The dynamics that would settle the 2000 Democratic race didn’t emerge, for instance, until Al Gore attacked Bill Bradley’s health-care plan and the exchange left Bradley looking impractical and weak.

That trial by fire hasn’t really begun this year. So far, only former Vermont Gov. Howard Dean has challenged his opponents, criticizing the four congressional Democrats in the field who supported President Bush on the 2001 education reform bill and the war in Iraq. Those conflicts have ignited Dean’s campaign by defining him in a way that has sent liberal hearts racing.

But the rest of the candidates are still mostly ignoring their rivals -- at least publicly --as they begin explaining their own ideas. The conventional wisdom in most campaigns is that it’s too early -- and too crowded -- to begin throwing elbows.

Yet it’s also clear that when the contenders decide the time is right, they will have plenty to argue about. Even now, likely flash points are emerging. Among them:

* The war in Iraq. Dean has gained great mileage from denouncing the war. But with Saddam Hussein’s regime ousted at a remarkably modest cost in American lives, Dean may be vulnerable to a counterattack later from more hawkish Democrats, such as Sens. Joseph I. Lieberman of Connecticut and John Edwards of North Carolina.
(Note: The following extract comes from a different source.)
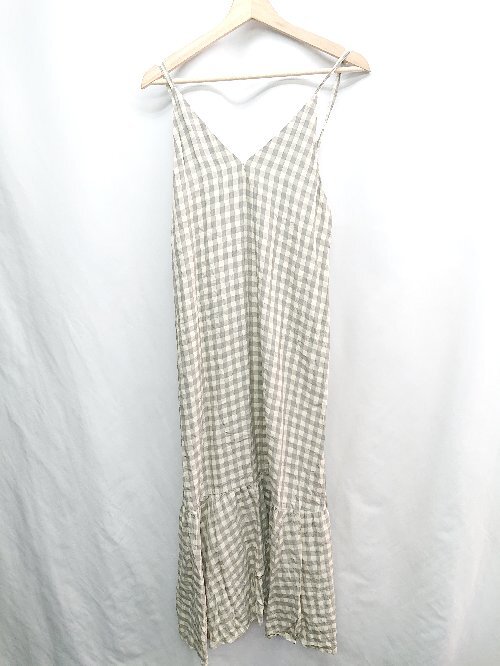 ◇ ⊂ UNITED ARROWS ユナイテッドアローズ チェック柄 キャミソール ロング ワンピース サイズM カーキ系 レディース E

And privately, the hawks (who also include Rep. Richard A. Gephardt of Missouri) are itching to join Dean in accusing Sen. John F. Kerry of Massachusetts, who has blown hot and cold on the war, of trying to have it both ways. An aide to one Democratic hawk predicts that opponents will eventually accuse Kerry of trying to straddle tough choices -- using his swings on the war as Point 1.

* Health care. Gephardt has offered the single most ambitious idea in the race so far -- a tax credit that would cover most of the cost for employers to provide health insurance to their workers. It could significantly reduce the number of uninsured; it could also be enormously expensive.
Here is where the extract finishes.